Look below for the line containing "If you are a", then write out that line and every line after it to the end, exactly, minus the pictures.

:: Dataset section ::

————

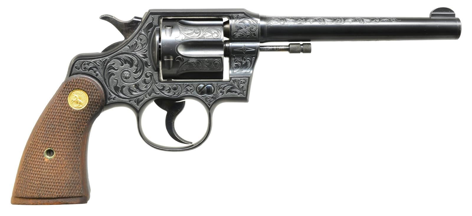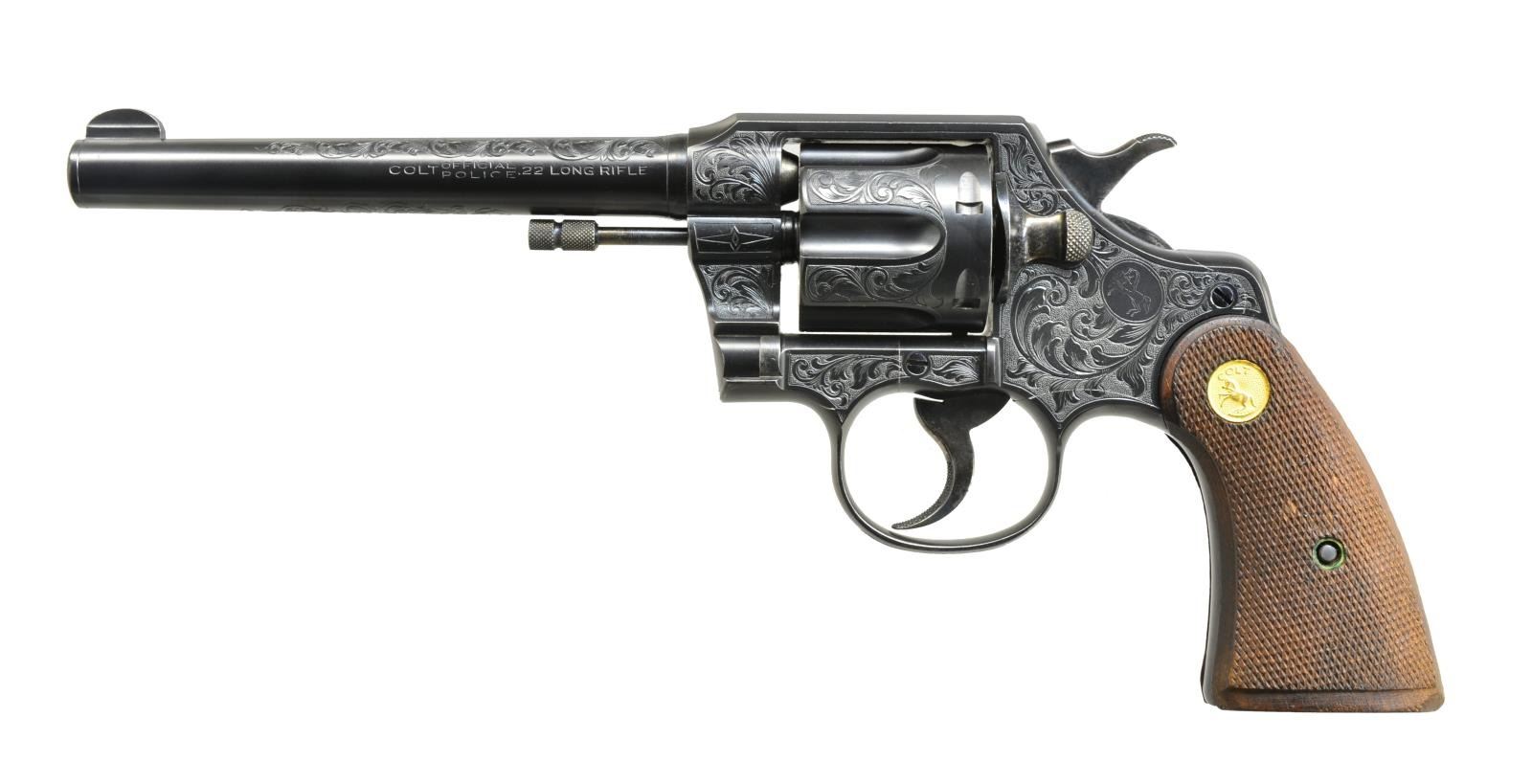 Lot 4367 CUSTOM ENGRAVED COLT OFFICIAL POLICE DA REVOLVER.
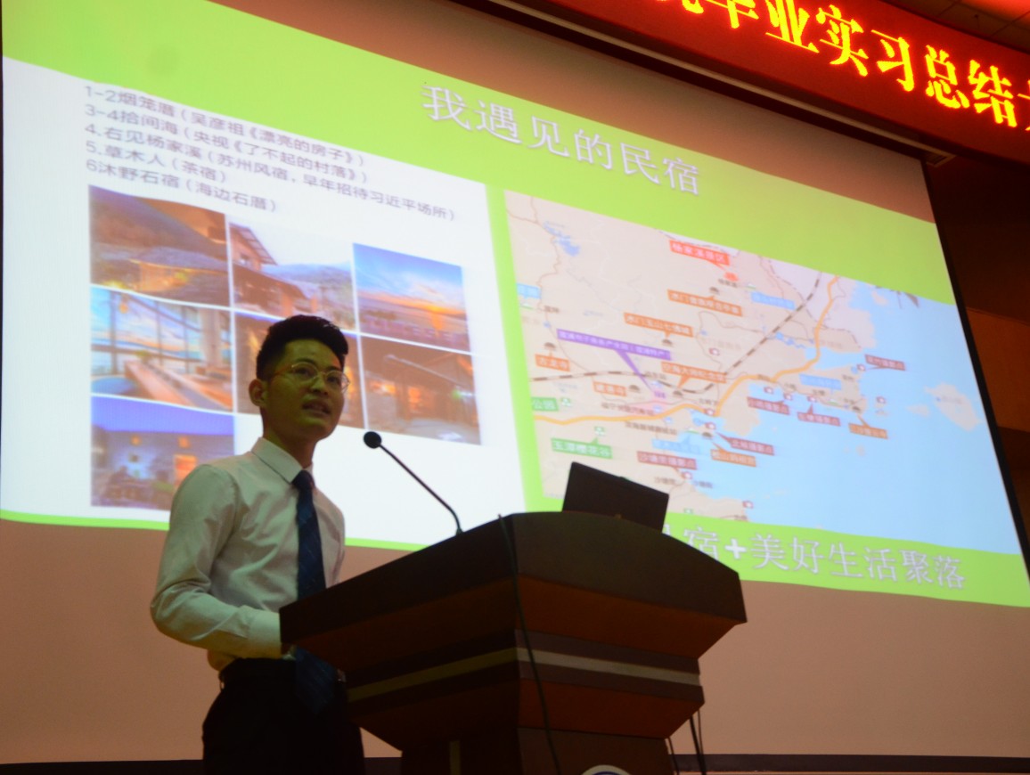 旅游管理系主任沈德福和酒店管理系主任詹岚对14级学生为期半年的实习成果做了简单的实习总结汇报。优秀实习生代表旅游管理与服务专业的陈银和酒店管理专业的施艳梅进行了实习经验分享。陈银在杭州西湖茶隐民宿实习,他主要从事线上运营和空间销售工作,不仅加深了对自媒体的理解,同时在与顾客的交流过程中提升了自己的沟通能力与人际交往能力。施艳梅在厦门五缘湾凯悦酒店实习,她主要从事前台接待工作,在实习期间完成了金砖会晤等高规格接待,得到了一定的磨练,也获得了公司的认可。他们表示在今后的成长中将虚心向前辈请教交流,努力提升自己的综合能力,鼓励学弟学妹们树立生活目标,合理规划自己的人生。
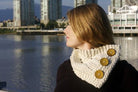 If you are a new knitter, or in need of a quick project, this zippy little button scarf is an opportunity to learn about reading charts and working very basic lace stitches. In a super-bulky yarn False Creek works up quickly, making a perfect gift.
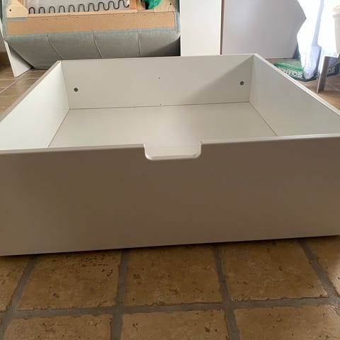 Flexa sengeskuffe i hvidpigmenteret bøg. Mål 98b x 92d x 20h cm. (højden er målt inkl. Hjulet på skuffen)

————

:: Written reply ::
 If you are a new knitter, or in need of a quick project, this zippy little button scarf is an opportunity to learn about reading charts and working very basic lace stitches. In a super-bulky yarn False Creek works up quickly, making a perfect gift.
 Flexa sengeskuffe i hvidpigmenteret bøg. Mål 98b x 92d x 20h cm. (højden er målt inkl. Hjulet på skuffen)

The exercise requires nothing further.